Enter a retention-boosting raft of measures, including the roll-out of the Links to Learning scheme, which funds support for students ‘at risk of disengaging or leaving school early’.

Once in tertiary education, reforms made by the previous Federal Government in 2021 mean that university and TAFE students no longer need a 50 per cent pass rate to stay in their course or qualify for Commonwealth assistance, such as the higher education loans program.

At Mosman High School, Principal Susan Wyatt says that while ‘the majority’ of students progress to university, those that choose VET or tVET are ‘passionate about their chosen courses such as nursing or animal studies.’ “Many of our tVET and TAFE students use the skills they have gained to find part-time work while attending university,” Ms Wyatt adds.

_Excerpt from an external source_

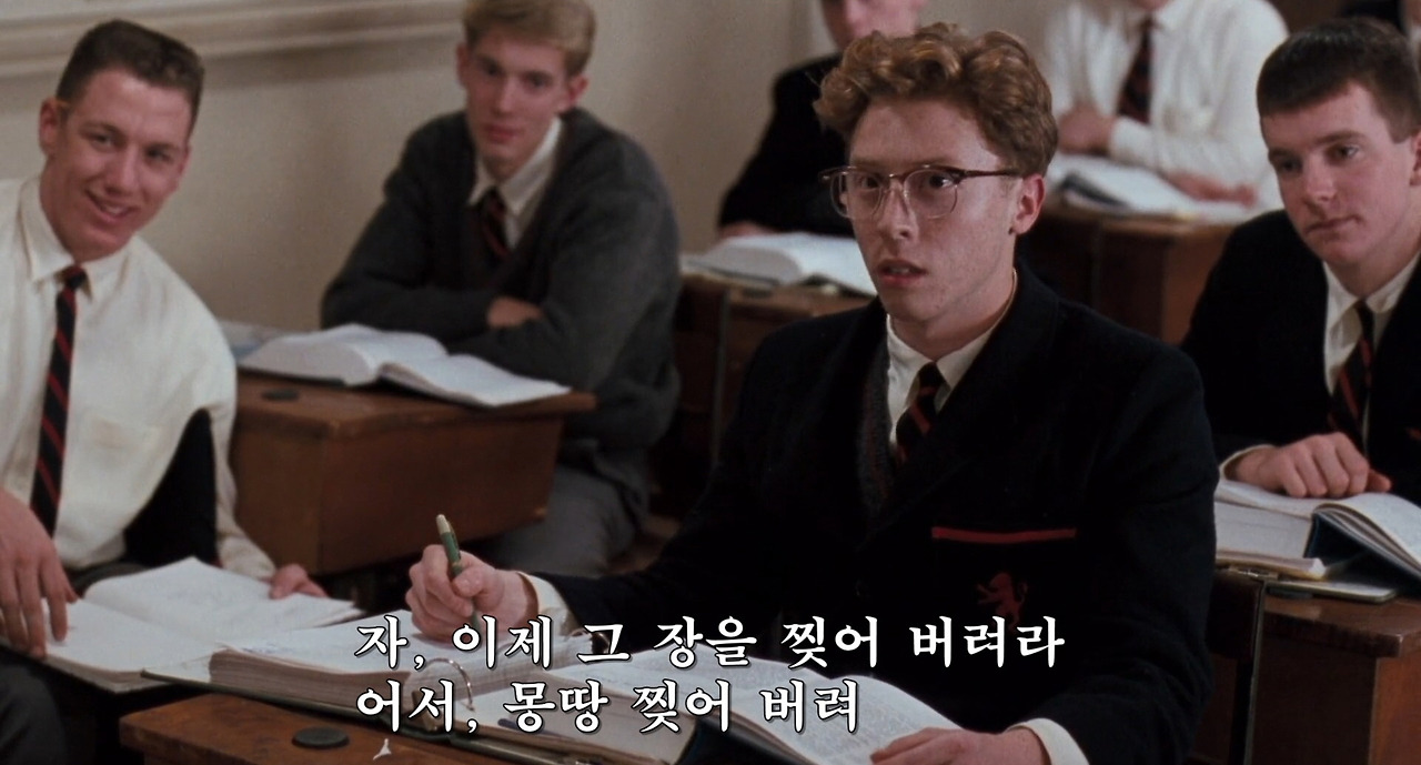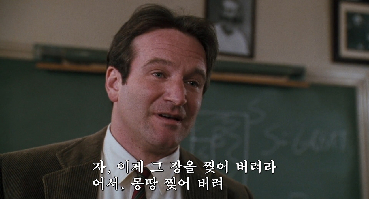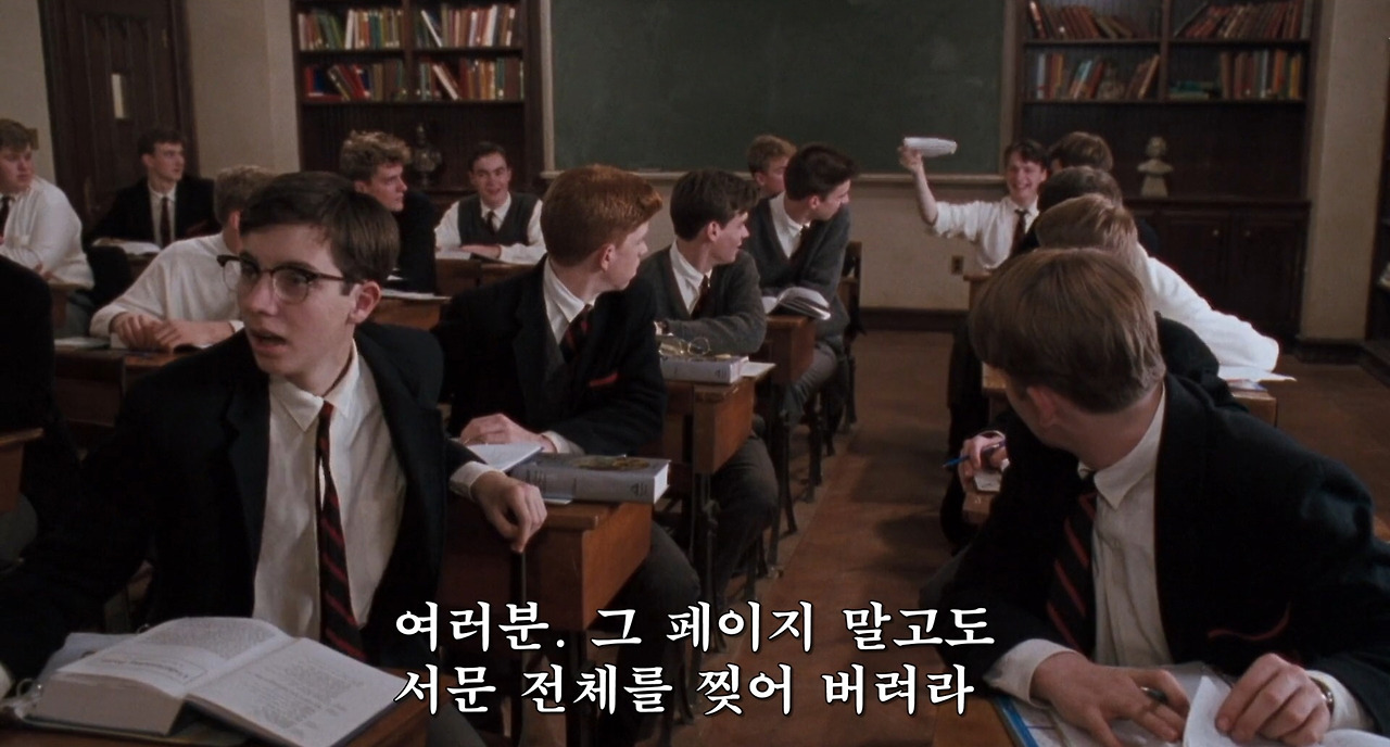 지금은 많이 나아졌지만 내가 학교 다닐 때만해도 교과서에 낙서를 한다거나, 교과서를 비판한다는 것은 있을 수도 없었다. ‘교과서=진리’라는 생각이 있었기에, 익히고 받아들여야만 한다고 생각했다. 이러하니 교과서를 찢는다는 건, 매우 불경스러운, 그래서 양심의 가책까지 느껴지는 일이었던 것이다. 내가 학교 다닐 때도 그랬는데 1950년대가 배경인 이 학교의 학생들에게 키팅의 말은 장난처럼 들릴 수밖에 없었을 것이다. 그래서 머뭇거렸고, 달튼이 먼저 행동하기 전까진 누구 하나 찢을 엄두조차 내지 못했다.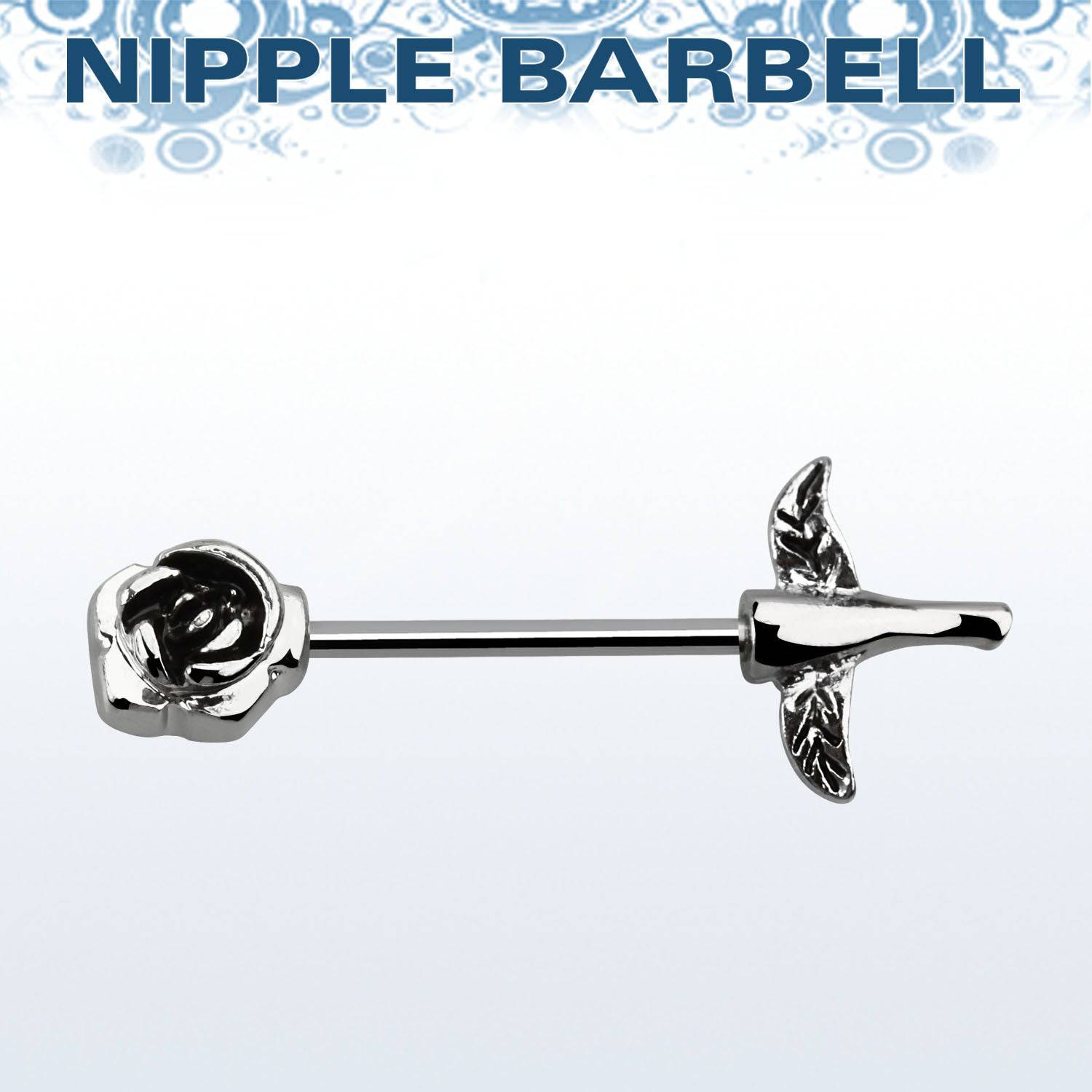 316L Surgical Steel Flower Stem Rose Nipple Ring Straight Barbell

It’s clear that a one-size-fits-all approach is not the silver bullet for either education or retainment, no matter how beneficial for Australia’s economy. Rather, heavy investment in the VET system to boost engagement from the very start of high school, alongside striving to stamp out educational inequalities, as current NAPLAN highlights a vast gap of four years-worth of learning between privileged and disadvantaged students. Consigning our young people to a classroom in order to hit retention targets flies in the face of why people are educated in the first place – to give them the options and autonomy to make their way in the world.